Mac reached the doors first, and he knocked on one of them. I decided to hold my breath rather than sound like a wheezing rhinoceros.

No answer.

Indri knocked next, and said, “Dr. Harper? We need to speak to you.”

Still no answer.

Letting out one gaspy rhinoceros puff, I leaned forward and pushed one of the doors open. Sunlight streamed through his big windows and glared off the hardwood floors. Dust drifted lazily in front of his massive bookcases. The chair at his big wooden desk was empty, and his pipe and magnifying glass lay unattended. The air smelled a bit like pipe smoke.
Somebody
might not have been following campus no-smoking rules.

“The doctor is not in,” Indri said in her coolest, most controlled voice even though she had lemur eyes happening in a big way. “Is that a good thing or a bad thing?”

Mac turned toward us for a few seconds, then pushed the door wide and strode into the office like he had been invited. With no comment at all, he started looking through the things on the table, shifting books and papers, peeking underneath them like the key would suddenly pop out and shout
hello
.

“Uh, Mac,” I said. “You can't do that.”

“Why not?” Mac kept moving stuff around. “He left the doors open. And he took your key.”

When Indri and I didn't move, he shrugged and kept right on hunting around, as if to say,
Hey, somebody's got to do something.

“Get over yourself, Richardson,” Indri grumbled. She glanced over her shoulder, then eased into the office too. Once inside, she zeroed in on Dr. Harper's desk and started searching around his stacks of books.

This is wrong
, I said in my head, but not out loud, because
truth be told. I was glad they were searching for the key. If I could only breathe and swallow and make my heart beat right, I'd search with them.

My knees got a little wobbly. I finally made myself move forward, putting my hand on one of the doors to steady myself. “Okay,” I said. Then one more time. “Okay.” I pulled the door shut behind me without letting it latch.

Mac grimaced. “He's got way too much stuff in this room. It's like a fire hazard or something.”

Indri scooted a statue sideways on the desk, then lifted it, checking underneath. “The key could be anywhere. I wonder if he has a safe.”

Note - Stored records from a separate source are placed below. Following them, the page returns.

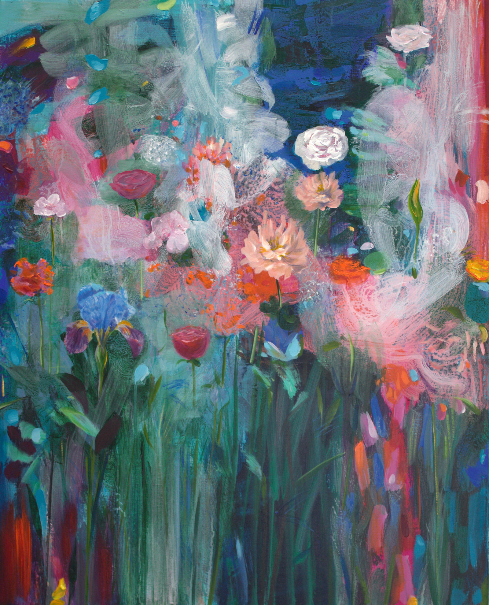 Dans cette toile, j'ai plongé au cœur d'un jardin sauvage de printemps, capturant la vivacité des fleurs en ébullition. Chaque touche d'huile est une émotion, un murmure de la nature qui parle de renouveau et de passion. J'ai voulu symboliser le trouble des sentiments humains, aussi fluctuants et magnifiques que ces pétales sous la caresse du vent. Ce tableau est une invitation à ressentir, à se laisser envahir par le beauté et le mystère de la vie.
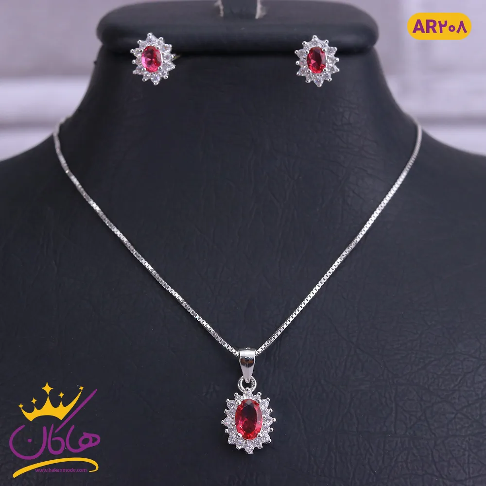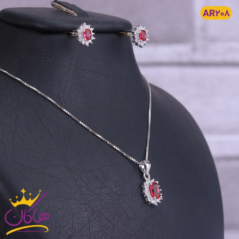 نیم ست نقره خورشیدی بیضی نگین قرمز | AR 208
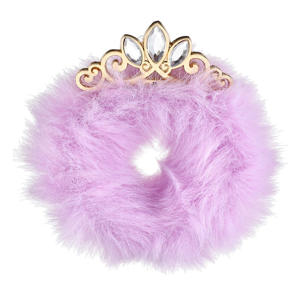 ふんわりやわらかなフェイクファー素材のシュシュに、きらめくティアラモチーフを飾ったデザイン。大粒ストーンが華やかです。
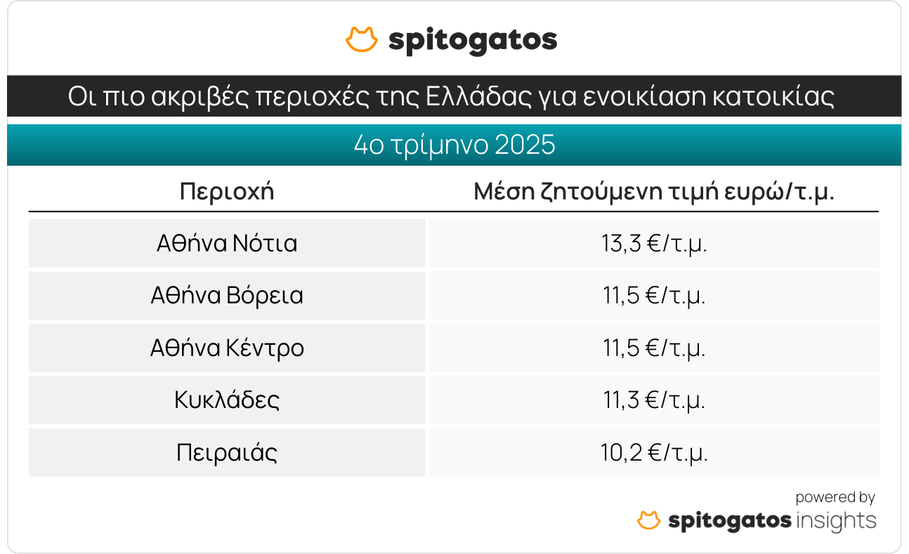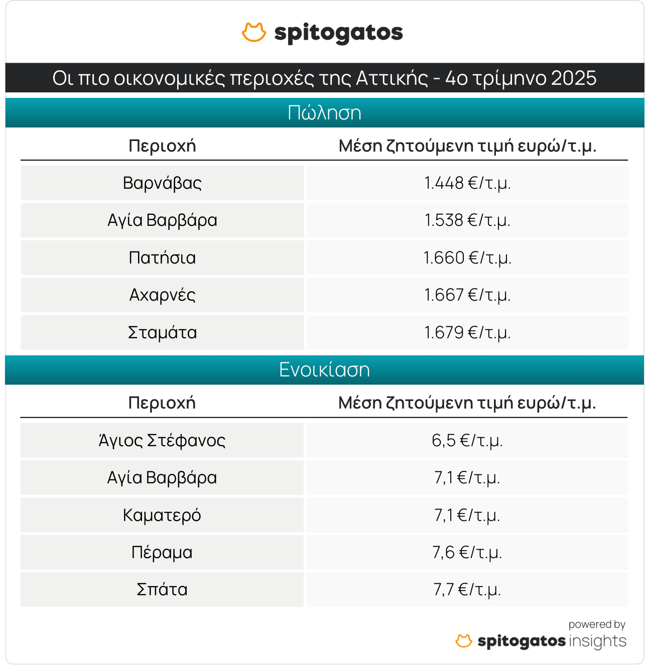 Οι πιο οικονομικές περιοχές για ενοικίαση κατοικίας στην Αττική κατά το 4ο τρίμηνο του 2025 είναι ο Άγιος Στέφανος στα Βόρεια Προάστια της Αθήνας, με ΜΖΤ στα 6,5 ευρώ/τ.μ., η Αγία Βαρβάρα και το Καματερό στα Δυτικά Προάστια, το Πέραμα στα Προάστια του Πειραιά και τα Σπάτα στην Ανατολική Αττική.
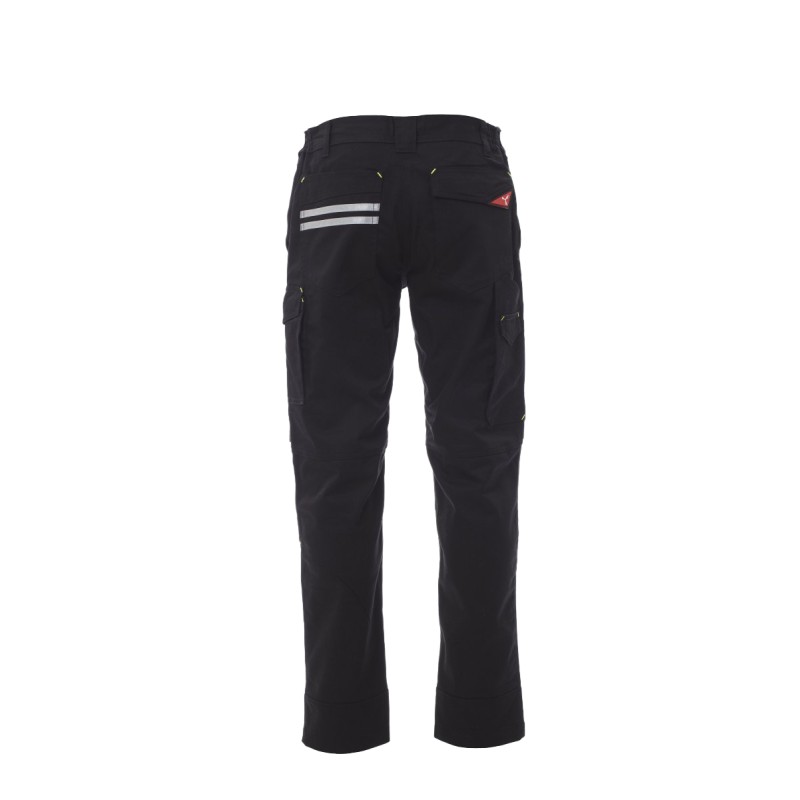 Pantalon unisexe, multi-saison avec poches genouillères, élastiques latéraux et passants à la taille, fermeture éclair et bouton en plastique, deux poches de coupe classique sur le devant, une poche latérale LOCK SYSTEM, un porte-mètre et un porte-smartphone, deux poches arrière, une ouverte et une avec rabat et velcro, inserts et surpiqûres en contraste, passepoils réfléchissants sur poche arrière, triples coutures.

That got me moving, and I scurried over to the edge of the desk, got down on my knees, and started opening drawers. In the biggest bottom drawer, I found hanging files, which turned out to be papers and grades for his current students. I closed that one and went to the next, and found a stack of letters, apparently from his wife before she died. Those, I didn't read, or even touch, except to pick them up and make sure the key wasn't hidden underneath them.